* TASK STATEMENT *
Output nothing but the lines from the first line of the listing below through the line containing "Here is a before", printed exactly and free of pictures.
GIVEN DATA Start Marker
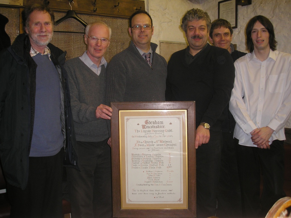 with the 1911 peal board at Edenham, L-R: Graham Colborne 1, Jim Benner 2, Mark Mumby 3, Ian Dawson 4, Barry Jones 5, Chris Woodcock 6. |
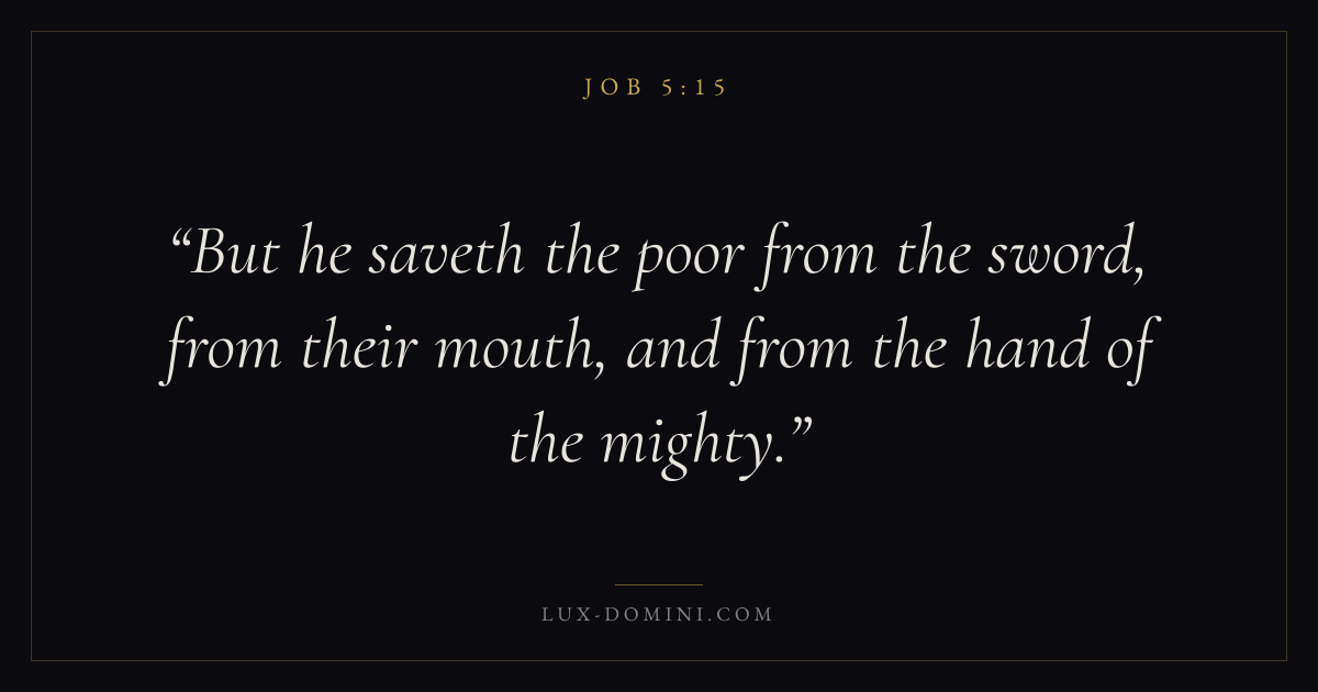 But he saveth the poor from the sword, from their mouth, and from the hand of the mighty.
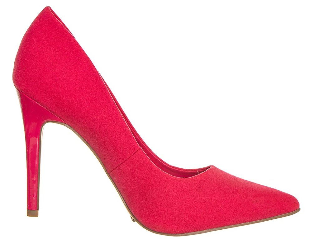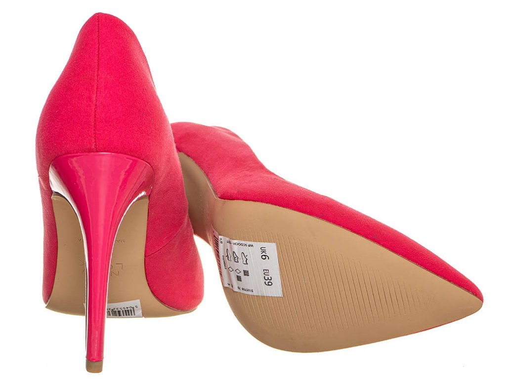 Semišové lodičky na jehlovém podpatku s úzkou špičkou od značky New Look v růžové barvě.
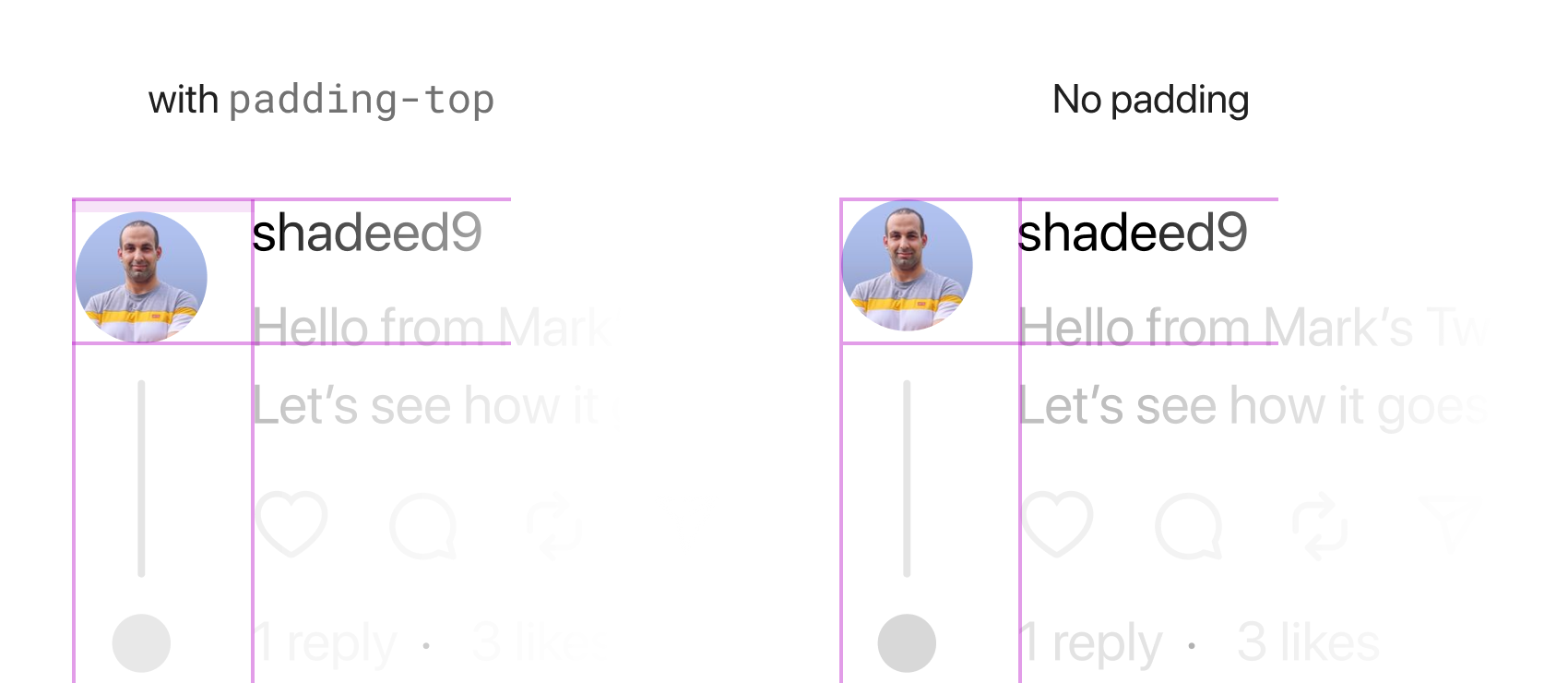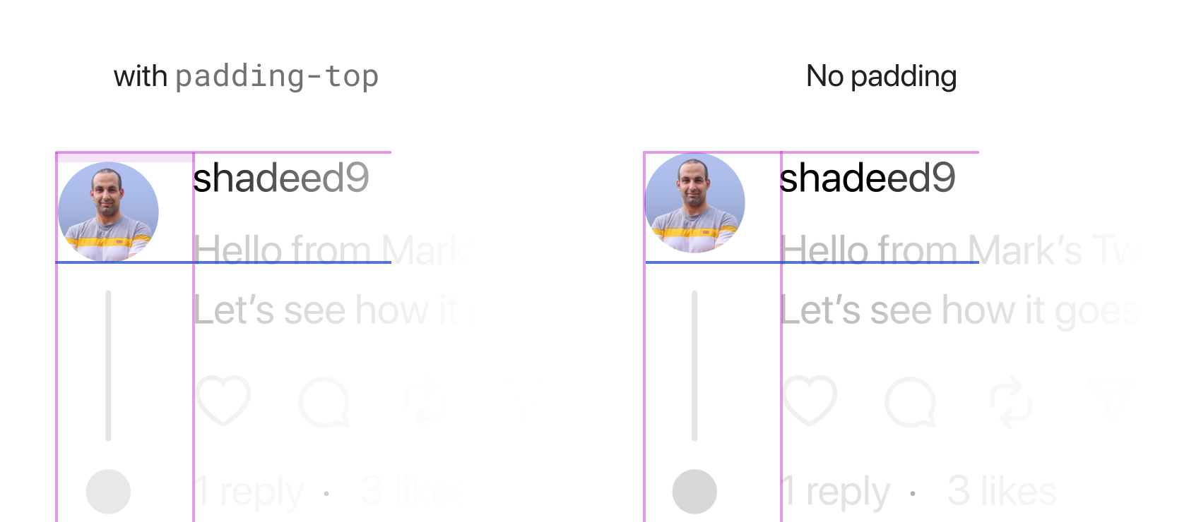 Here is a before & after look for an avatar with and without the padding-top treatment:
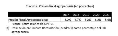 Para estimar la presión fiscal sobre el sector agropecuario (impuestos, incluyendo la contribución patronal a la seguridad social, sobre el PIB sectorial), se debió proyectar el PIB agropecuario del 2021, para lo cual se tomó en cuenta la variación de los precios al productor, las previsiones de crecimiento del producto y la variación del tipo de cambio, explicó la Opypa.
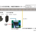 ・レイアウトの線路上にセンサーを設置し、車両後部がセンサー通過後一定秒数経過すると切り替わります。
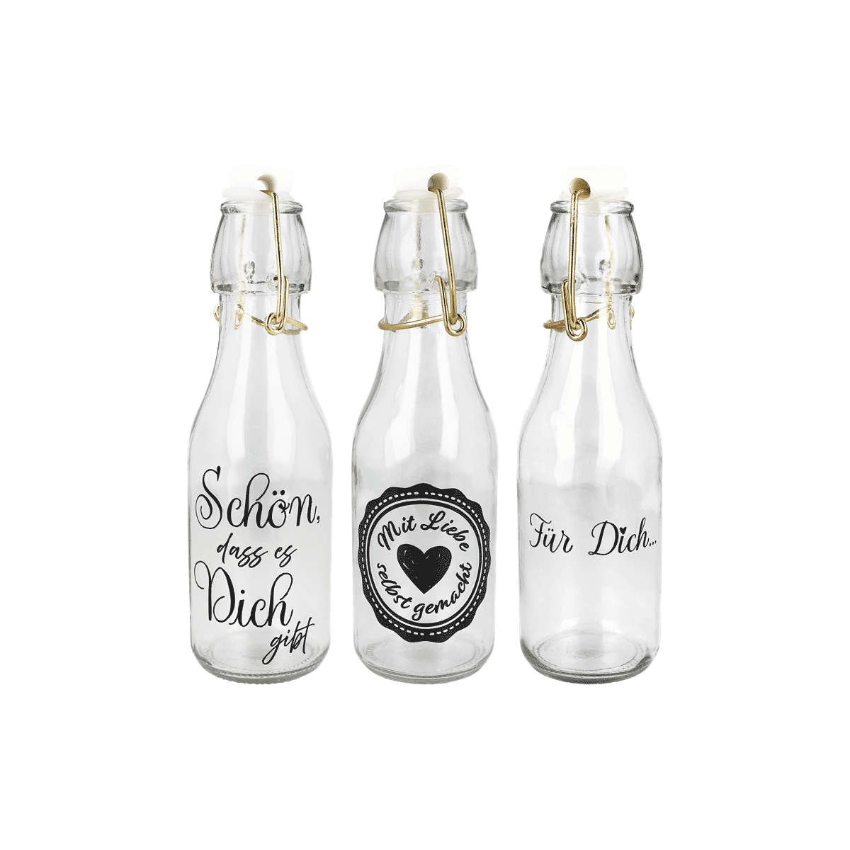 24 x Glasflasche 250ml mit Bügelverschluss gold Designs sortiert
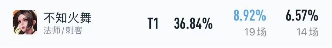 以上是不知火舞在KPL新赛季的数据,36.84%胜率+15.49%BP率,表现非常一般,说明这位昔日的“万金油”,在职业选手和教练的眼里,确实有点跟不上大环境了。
GIVEN DATA End Marker
* RESULT OF THE EXERCISE *
 with the 1911 peal board at Edenham, L-R: Graham Colborne 1, Jim Benner 2, Mark Mumby 3, Ian Dawson 4, Barry Jones 5, Chris Woodcock 6. |
 But he saveth the poor from the sword, from their mouth, and from the hand of the mighty.
 Semišové lodičky na jehlovém podpatku s úzkou špičkou od značky New Look v růžové barvě.
 Here is a before & after look for an avatar with and without the padding-top treatment:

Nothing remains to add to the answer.